• WHAT TO DO:
Return the listing below verbatim. Pictures do not belong in the copy.

• PROVIDED RECORDS:
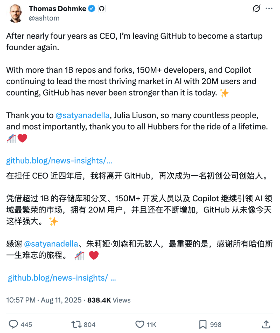 GitHub CEO Thomas Dohmke 今天突然宣布辞职,并透露 GitHub 将整体并入微软新成立的CoreAI。
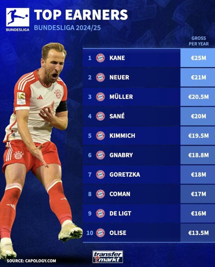 最近,德国转会市场列出了德甲球员在2024/25赛季的年薪榜,其中排名前10的球员均来自拜仁慕尼黑。凯恩、诺伊尔、穆勒位列前三。
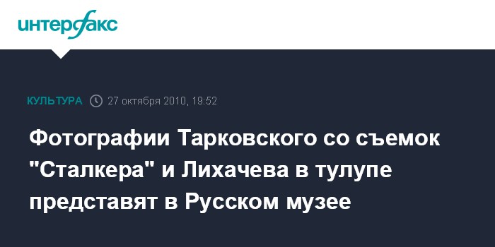 Фотографии Тарковского со съемок "Сталкера" и Лихачева в тулупе представят в Русском музее
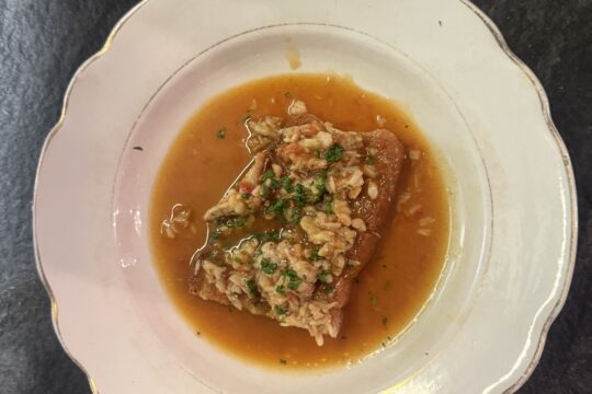 La Garmugia è una zuppa che prepariamo secondo la ricetta, poi viene resa cremosa e accompagnata dal pescato del giorno....nell'articolo troverai aneddoti e la ricetta originale...noi l'abbiamo adattata alla costa 🙂
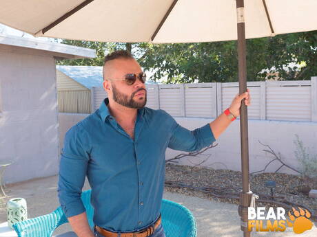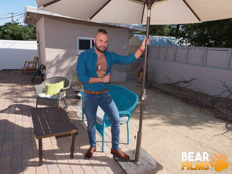 Bear Films: Hairy bear Damien Kilauea shows a husky body outside
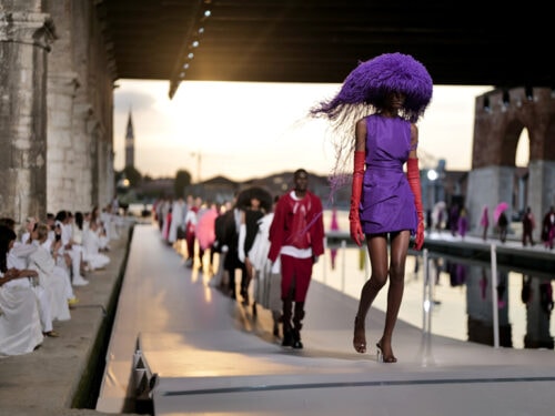 È il primo evento post pandemia della Maison romana. Ha scelto come cornice Le Gaggiandre, le tettoie acquatiche costruite nel 1500 per il ricovero delle barche. Il direttore creativo in questa collezione ha coinvolto artisti e artigiani per dare vita a veri capolavori. La Darsena è il simbolo del fare rinascimentale. La sfilata è stata accompagnata dalla voce dell’artista londinese Cosima accompagnata da un pianoforte.
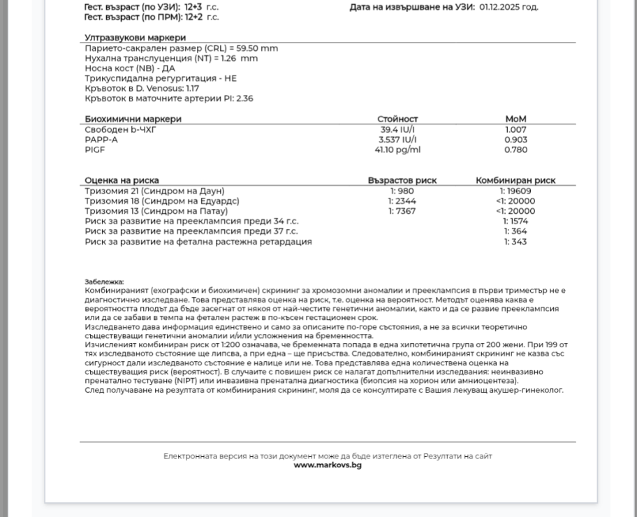 Е пуснах си резултатите и освен, че не виждам резултат за риск от прееклампсия, стойностите за синдром на Даун направо ме втрещиха, както и резултата на bCG.
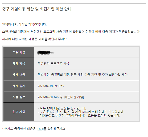 어느날 갑자기 롤 로그인이 안 되는 것을 확인합니다.. 자세히 보니 영구정지 경고창이 뜨더라구요!
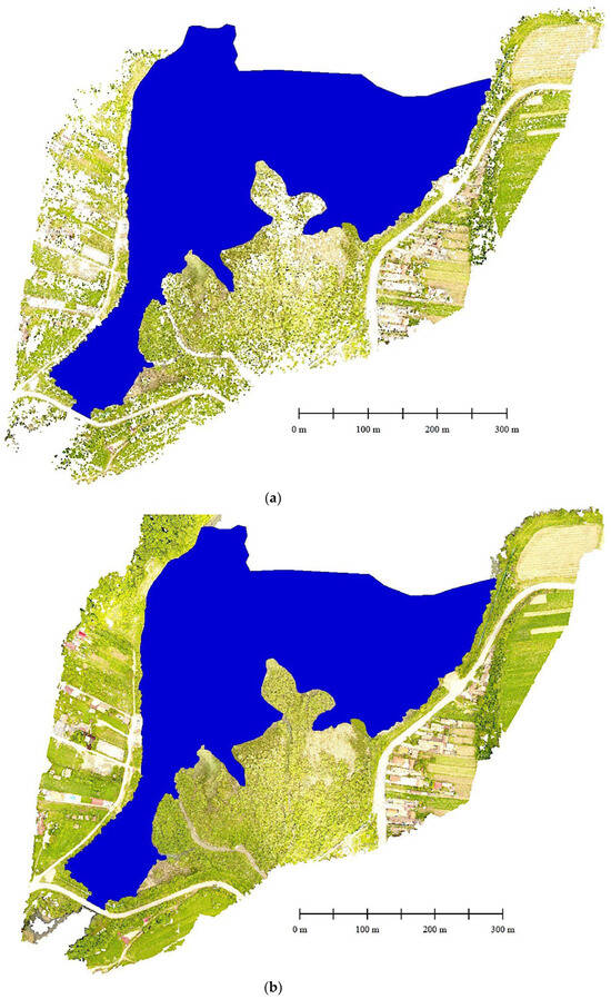 - Meneses, N.; Baier, S.; Reidelstürz, P.; Geist, J.; Schneider, T. Modelling heights of sparse aquatic reed (Phragmites australis) using Structure from Motion point clouds derived from Rotary- and Fixed-Wing Unmanned Aerial Vehicle (UAV) data. Limnologica 2018, 72, 10–21. [Google Scholar] [CrossRef]

• ANSWER TO THE EXERCISE:
 GitHub CEO Thomas Dohmke 今天突然宣布辞职,并透露 GitHub 将整体并入微软新成立的CoreAI。
 最近,德国转会市场列出了德甲球员在2024/25赛季的年薪榜,其中排名前10的球员均来自拜仁慕尼黑。凯恩、诺伊尔、穆勒位列前三。
 Фотографии Тарковского со съемок "Сталкера" и Лихачева в тулупе представят в Русском музее
 La Garmugia è una zuppa che prepariamo secondo la ricetta, poi viene resa cremosa e accompagnata dal pescato del giorno....nell'articolo troverai aneddoti e la ricetta originale...noi l'abbiamo adattata alla costa 🙂
 Bear Films: Hairy bear Damien Kilauea shows a husky body outside
 È il primo evento post pandemia della Maison romana. Ha scelto come cornice Le Gaggiandre, le tettoie acquatiche costruite nel 1500 per il ricovero delle barche. Il direttore creativo in questa collezione ha coinvolto artisti e artigiani per dare vita a veri capolavori. La Darsena è il simbolo del fare rinascimentale. La sfilata è stata accompagnata dalla voce dell’artista londinese Cosima accompagnata da un pianoforte.
 Е пуснах си резултатите и освен, че не виждам резултат за риск от прееклампсия, стойностите за синдром на Даун направо ме втрещиха, както и резултата на bCG.
 어느날 갑자기 롤 로그인이 안 되는 것을 확인합니다.. 자세히 보니 영구정지 경고창이 뜨더라구요!
 - Meneses, N.; Baier, S.; Reidelstürz, P.; Geist, J.; Schneider, T. Modelling heights of sparse aquatic reed (Phragmites australis) using Structure from Motion point clouds derived from Rotary- and Fixed-Wing Unmanned Aerial Vehicle (UAV) data. Limnologica 2018, 72, 10–21. [Google Scholar] [CrossRef]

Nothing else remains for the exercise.